Zeyad Schwen, MD: Yeah, exactly. And that's why we don't rely on one test in prostate cancer, especially when we have so many different helpful tests, where whether it's imaging or the biopsy pathology result or your PSA, we don't like to use one test to kind of determine the management when all the other signs are pointing in the opposite direction, so you're absolutely right.
Dale Shepard, MD, PhD: Is there anything else in the genomics area in prostate cancer that seems particularly exciting right now?
Zeyad Schwen, MD: Yeah, I think that the genomic testing that we send out, we actually get the results of the raw gene expression. So we get all this many thousands and thousands of pieces of information from one test. We only focus on some of the genes that have been associated with prostate cancer, but we're actually using AI to sift through some of the other genes that are being expressed and we're trying to evaluate whether AI, these more advanced and powerful algorithms can find other genes that are associated with worse outcomes that we may have not found the first time around.

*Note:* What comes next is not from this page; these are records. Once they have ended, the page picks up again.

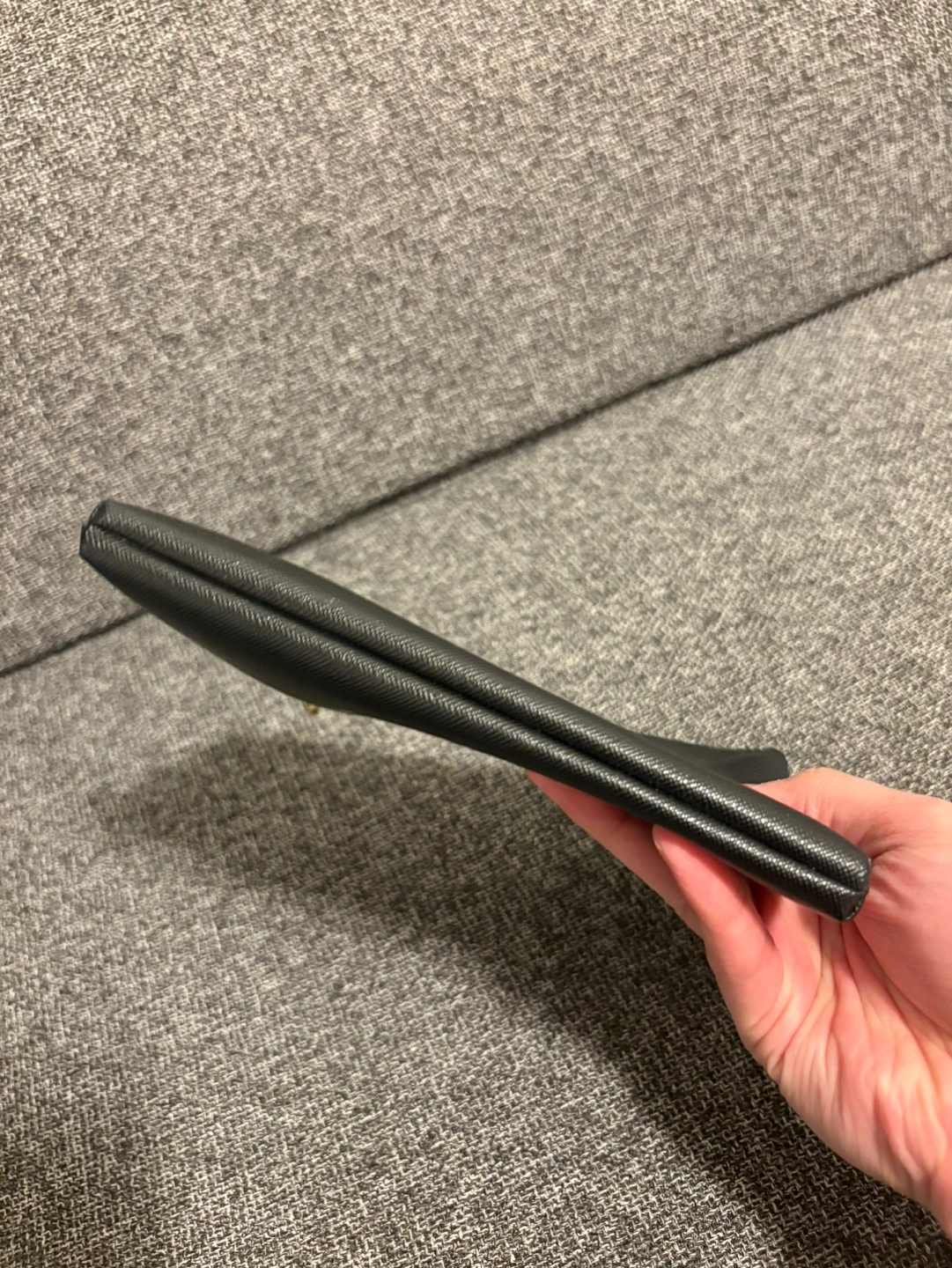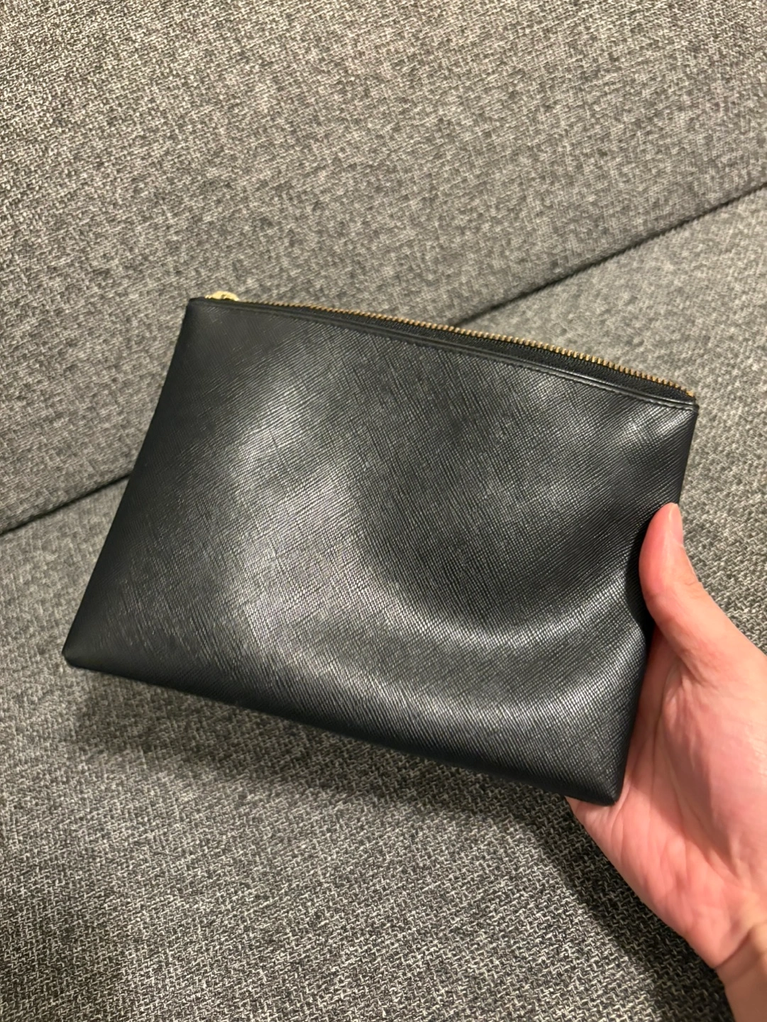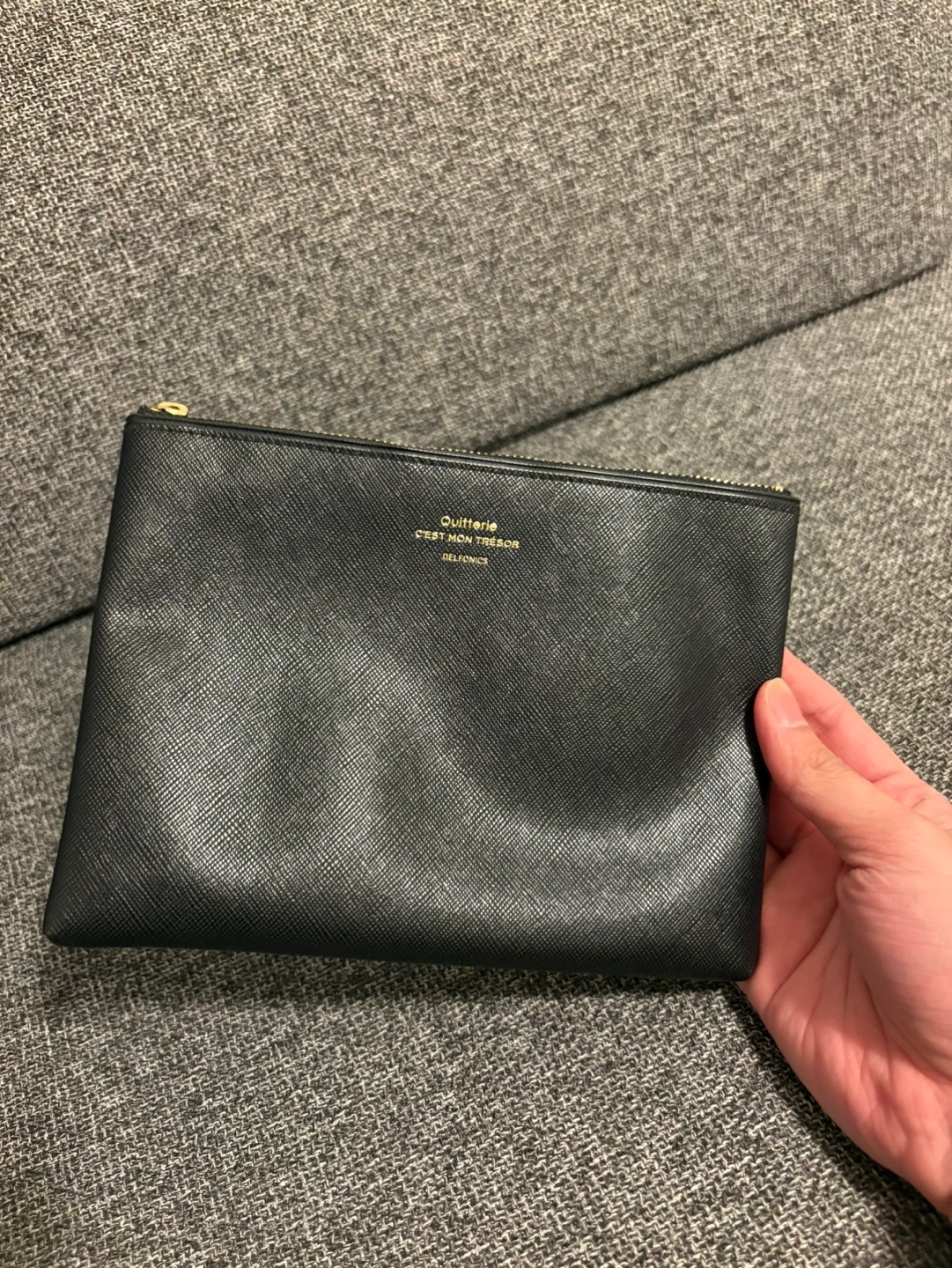 Black zipper pouch. Gold zipper. Minimalist design. Great for travel or everyday use.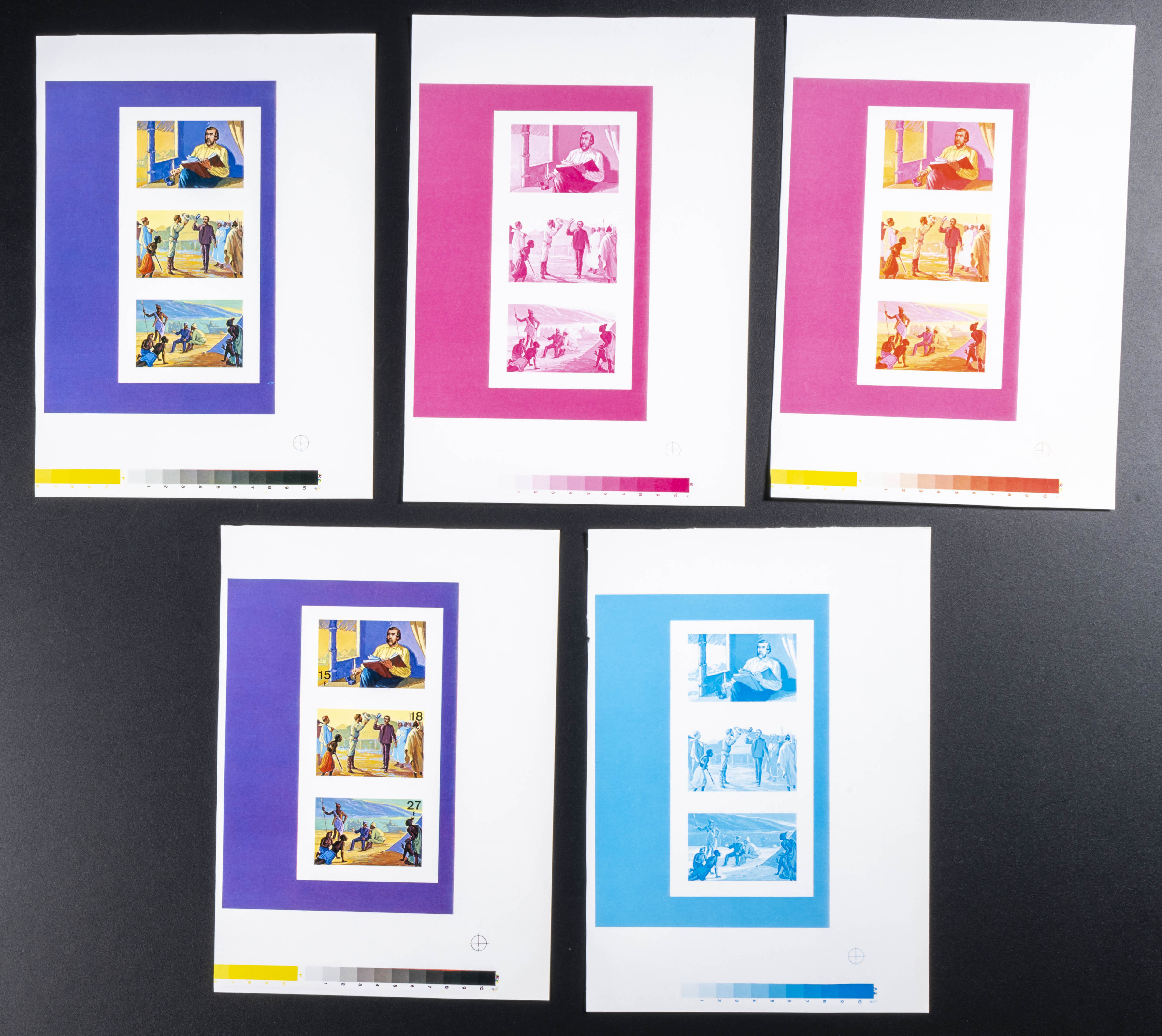 ★★Yvert B66. 1973. Livingstone, Stanley. Group of progressive plate proofs of the set. TO EXAM.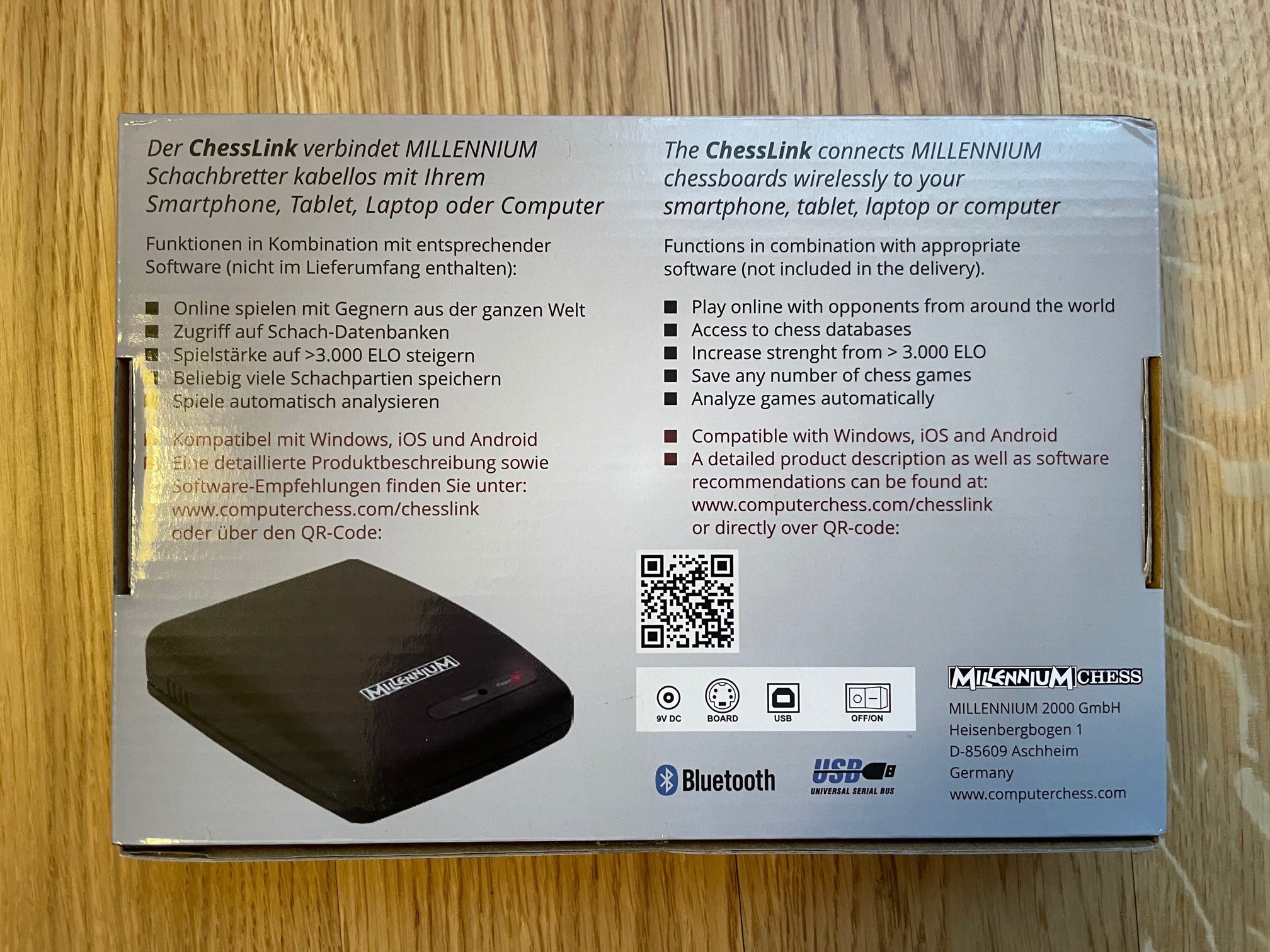ChessLink je oprema za Millennium šahovske ploče, kojom se preko bluetooth veze možete spojiti sa online platformama. Kompatibilne su šahovske ploče ChessGenius Exclusive i The King Performance. Instalacija je vrlo jednostavna. Priloženi punjač od ploče uštekate u ChessLink kao i vezni kabel. Jedino što vam nedostaje je neki od slijedećih programa; android app ChessLink ili Chess, HIARCS iphone ili ipad app, HIARCS za PC ili Mac. Treba napomenuti da je Mark Uniacke razvio HIARCS program (Higher Intelligence Response Chess System) koji je pobjedio čak i neke velemajstore.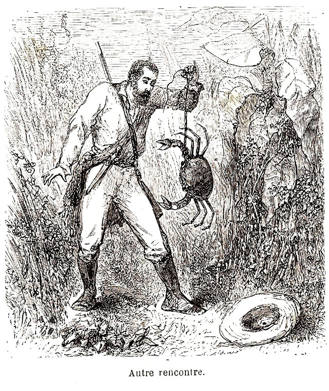 Certa manhã em que a chuva me deixara preguiçoso, eu estava em cima do colchão, meio adormecido, meio desperto; um bicho horrível me fez saltar de pé, arrancando-me desse far niente a que raramente me entregava: uma caranguejeira estava perto de mim. Essa aranha, de nove a dez polegadas de largura, peluda no corpo todo, é provida de duas presas cuja picada provoca febre durante vários dias; ela vigia e come passarinhos; o nojo não me impediu, no entanto, de acrescentá-la às minhas coleções. Também com o escorpião eu já havia travado conhecimento.
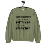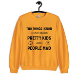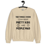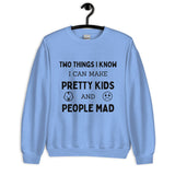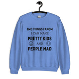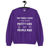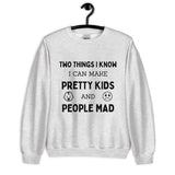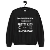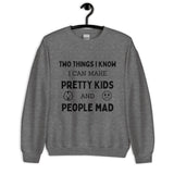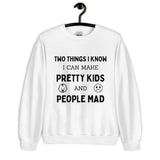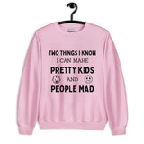 Own your confidence and your chaos with this bold, funny sweatshirt. “Two things I know: I can make pretty kids and people mad” is the perfect mix of bragging rights and attitude — a true crowd-pleaser for anyone who loves a little playful sass.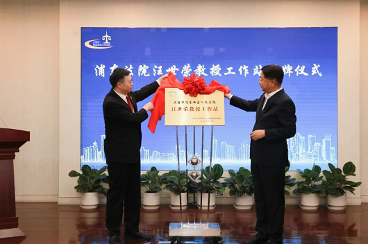 为贯彻落实中共中央办公厅、国务院办公厅《关于加强新时代法学教育和法学理论研究的意见》,根据新时代上海法院队伍建设现代化“1+6+X”工作体系要求,积极探索高校专家进法院柔性挂职新模式,10月28日下午,上海市浦东新区人民法院(以下简称浦东法院)举行汪世荣教授工作站挂牌仪式。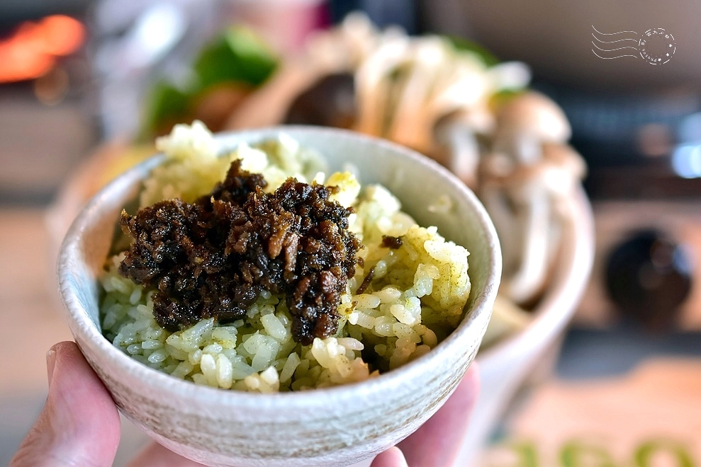 ↓辣木飯呈現淡淡的草綠色,吃起來也是淡淡的,我曾經喝了好一陣子的辣木茶,很喜歡這種草本氣息。老闆熱情推薦現場販售的「辣木香椿醬」,特地讓每位客人試加在飯上,增添另一層鹹香的風味。

And also, we're using AI to combine the information from genomics with some of the other information that we get, like PSA, MRI, and the raw imaging data that we get from the MRI and our pathology and the raw data that we get from our pathology and whether we can do this very much more comprehensive analysis that our human brains can't do at once. We can only balance so many pieces of information at once and with these AI tools which we are developing here at the Cleveland Clinic to help with decision-making, maybe we can provide a better picture for patients to kind of predict their own risk and help them make more educated decisions.
Dale Shepard, MD, PhD: Well, it looks like an exciting future for genomics and prostate cancer, and appreciate you being here with us to tell us about it.
Zeyad Schwen, MD: Yep. No, it's great. I think it's an exciting, newer way to kind of understand cancer and the treatments that are needed and understand our own risk. Thank you.